Dr. Younger, director of the Neuroinflammation, Pain and Fatigue Laboratory at the University of Alabama, Birmingham, was speaking on December 13, 2023, at a National Institutes of Health meeting about myalgic encephalomyelitis/chronic fatigue syndrome about the potential use of low-dose naltrexone for that patient population. He had checked the literature in preparation for his talk and saw the new study, which had just been published December 5, 2023. 

During his talk, Dr. Younger said, “It looks like the study was very well done, and all the decisions made sense to me, so I don’t doubt the quality of their data or the statistics.”

But as for the commentary, he said, “I strongly disagree, and I believe the physicians at this conference strongly disagree with that as well.

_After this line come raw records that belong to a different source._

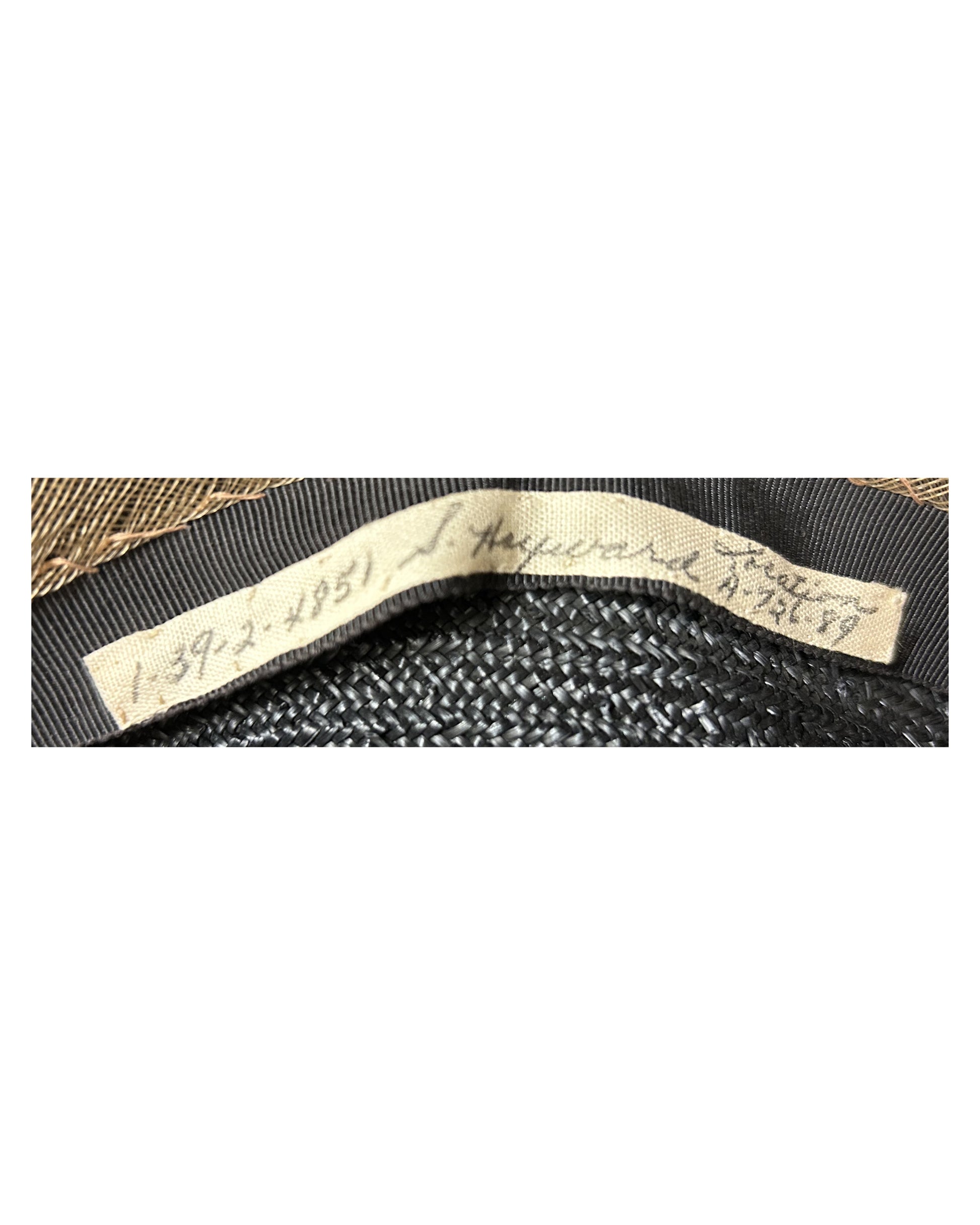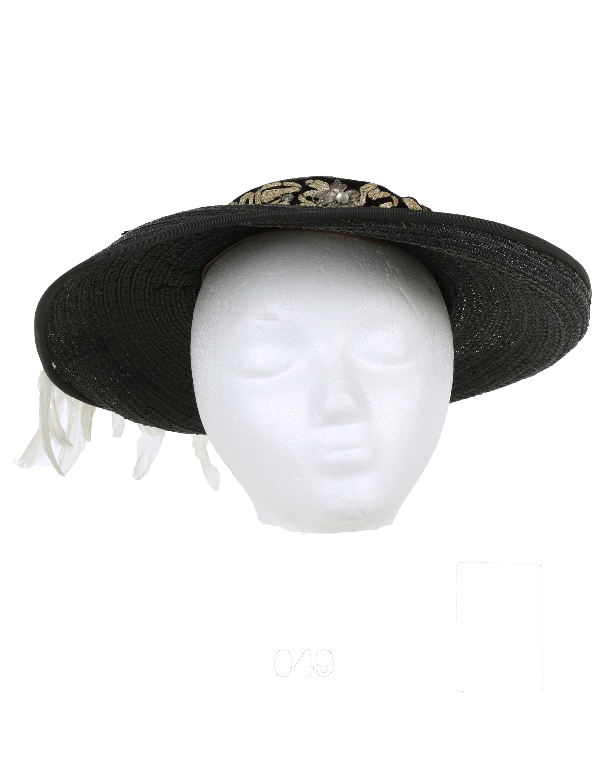 Black straw hat featuring a black felt band adorned with an intricate silver floral motif. Delicately placed white feathers add elegance and height to the overall silhouette. The interior bears a sewn-in tag with black text that reads: “1-39-4851 S. Hayward Location / A-726-89”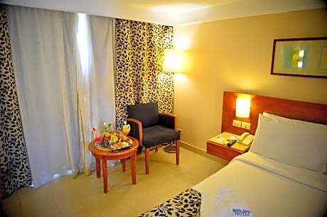 Overlooking a private beach and the turquoise waters of Naama Bay, Marina Sharm Hotel offers spacious rooms, most of them with private balconies. There are 2 outdoor pools and a wellness center. WiFi access to be available at the lobby area and it’s free of charge Rooms at this 4-star hotel all have floor-to-ceiling windows and modern furnishings. They come equipped with air conditioning, mini-bar and satellite flat-screen TV. All rooms offer Red Sea views. Dining options at the Marina Sharm include the Mermaid seafood restaurant, also serving Italian cuisine. The beach bar offers cocktails, refreshing beverages and live music entertainment. Guests of the Marina Sharm can treat themselves to a rejuvenating massage, or relax in the spa pool, hammam or sauna. The hotel also has a children’s playground, and a games room with billiards. The Marina Sharm is 6.8 mi from Sharm El Sheikh International Airport, 4.3 mi from the Old Market and a 15-minute drive from the town’s center. The hotel provides 24-hour front desk service.
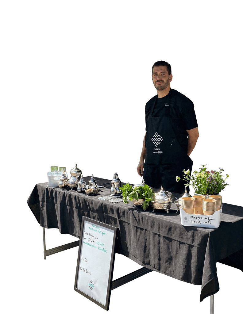 Finde uns auf Märkten in Hamburg oder buche uns für private Events mit frischem marokkanischem Minztee und süßen Spezialitäten.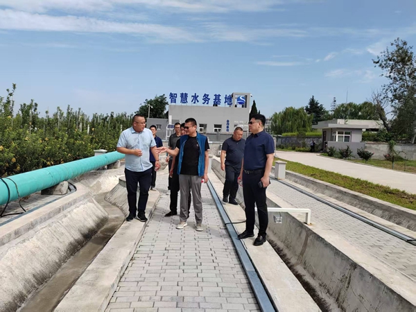 楊永剛董事長一行首先到我司智慧水務創新應用示范基地實地考察參觀,技術總監李雙江就示范基地及公司科技研發、智慧化建設及精準灌溉和精確計量等相關情況作詳細介紹,并在控制大廳觀看了基地數字孿生演示。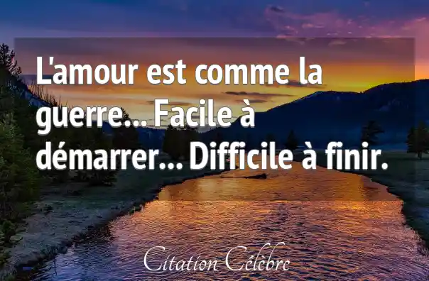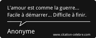 L'amour est comme la guerre... Facile à démarrer... Difficile à finir.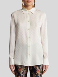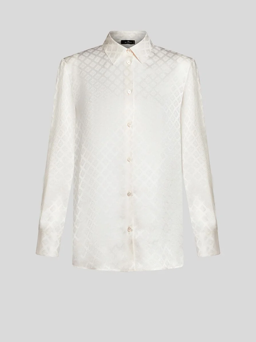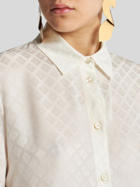 Straight-cut, relaxed-fit shirt. This model is made from silk-blend jacquard crepe de chine with a tone-on-tone geometric motif all over. • Regular fit • Spread collar • Long sleeves • Working cuffs • Button closure • Made in Italy • The model is 5’10” (178 cm) tall and wears a size 40 (IT) PRODUCT DETAILS • 50% silk, 50% viscose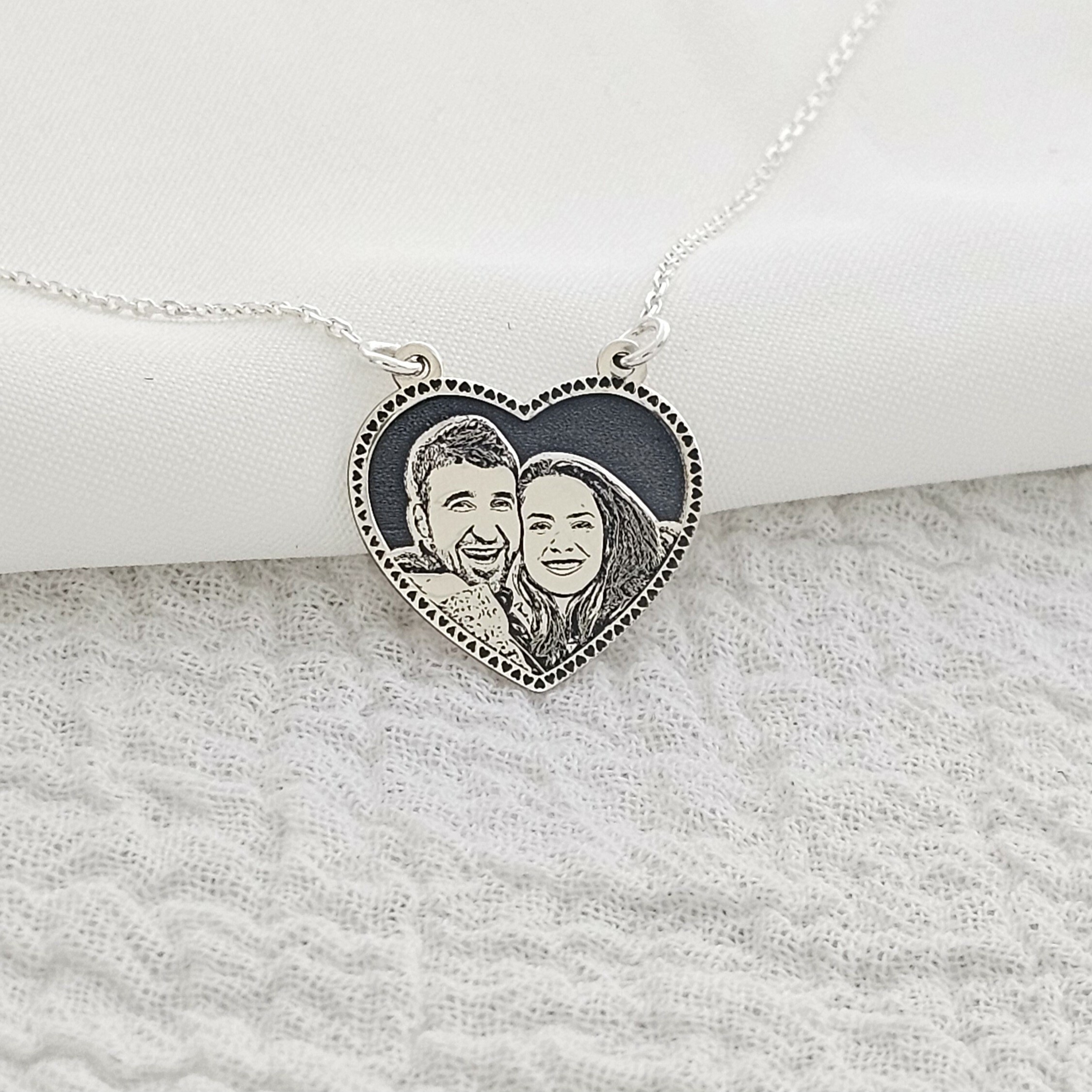 Lantisor personalizata cu poza - Inima cu poveste - Model fotogravura relief - Argint 925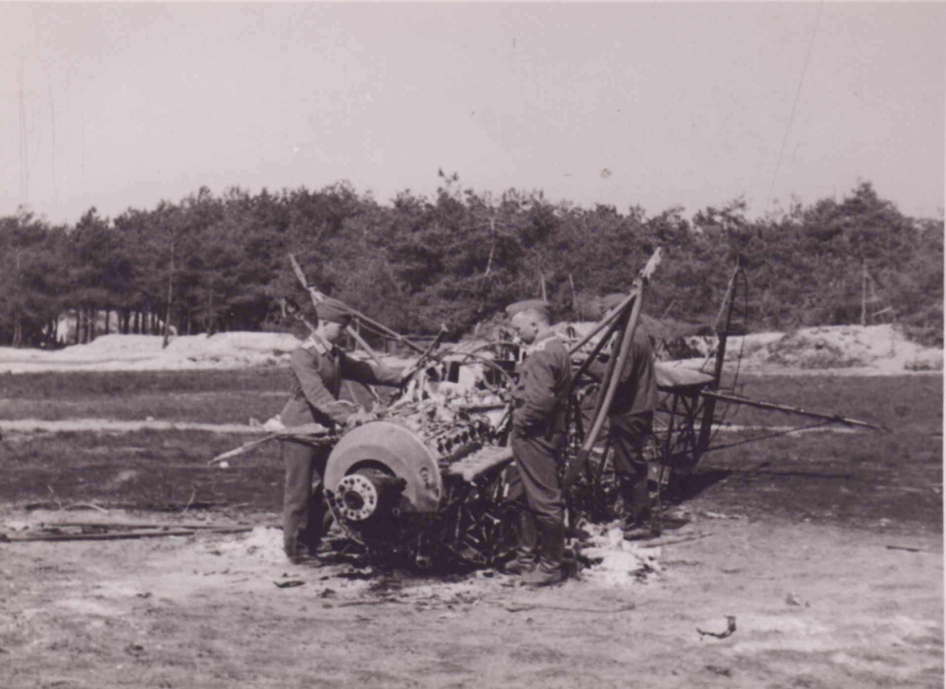 On the right are the remains of a Koolhoven FK-51 training aircraft with a white stripe over the engine.

I know plenty of physicians who would say that is not good advice because this drug is so helpful for so many people.”

Indeed, Anthony L. Komaroff, MD, who heard Dr. Younger’s talk but hadn’t seen the new study, told this news organization that he is a “fan” of low-dose naltrexone based on his own experience with one patient who had a “clearly beneficial response” and that of other clinicians he’s spoken with about it. “My colleagues say it doesn’t work for everyone because the disease is so heterogeneous ... but it definitely works for some patients.”

Dr. Younger noted that the proportion of people in the Danish study who reported a clinically significant, that is 30% reduction, in pain scores was 45% versus 28% with placebo, not far from the 50% he found in his studies. “If they’d had 40 to 60 more people, they would have had statistically significant difference,” Dr. Younger said.

Indeed, the authors themselves pointed this out in their discussion, noting, “Our study was not powered to detect a significant difference regarding responder indices ... Subgroups of patients with fibromyalgia might respond differently to low-dose naltrexone treatment, and we intend to conduct a responder analysis based on levels of inflammatory biomarkers and specific biomarkers of glial activation, hypothesising that an inflammatory subgroup might benefit from the treatment. Results will be published in subsequent papers.”

The commentary authors responded to that, saying that they “appreciate” the intention to conduct that subgroup analysis, but that it is “probable that the current sample size will preclude robust statistical comparisons but could be a step to generate hypotheses.”

Those authors noted that a systematic review has described both pro-inflammatory (tumor necrosis factor, interleukin [IL]-6, and IL-8) and anti-inflammatory (IL-10) cytokines as peripheral inflammatory biomarkers in patients with fibromyalgia. “The specific peripheral biomarkers of glial activation are yet to be identified. The neuroinflammation hypothesis of fibromyalgia could be supported if a reduction of central nervous system inflammation would predict improvement of fibromyalgia symptoms. Subsequent work in this area is eagerly awaited.”

In the meantime, Dr. Younger said, “I do not think this should stop us from looking at low-dose naltrexone [or that] we shouldn’t try it. I’ve talked to over a thousand people over the last 10 years. It would be a very bad thing to give up on low-dose naltrexone now.”

Dr. Younger’s work is funded by the National Institutes of Health, Department of Defense, SolveME, the American Fibromyalgia Association, and ME Research UK. Komaroff has no disclosures.

A version of this article appeared on Medscape.com.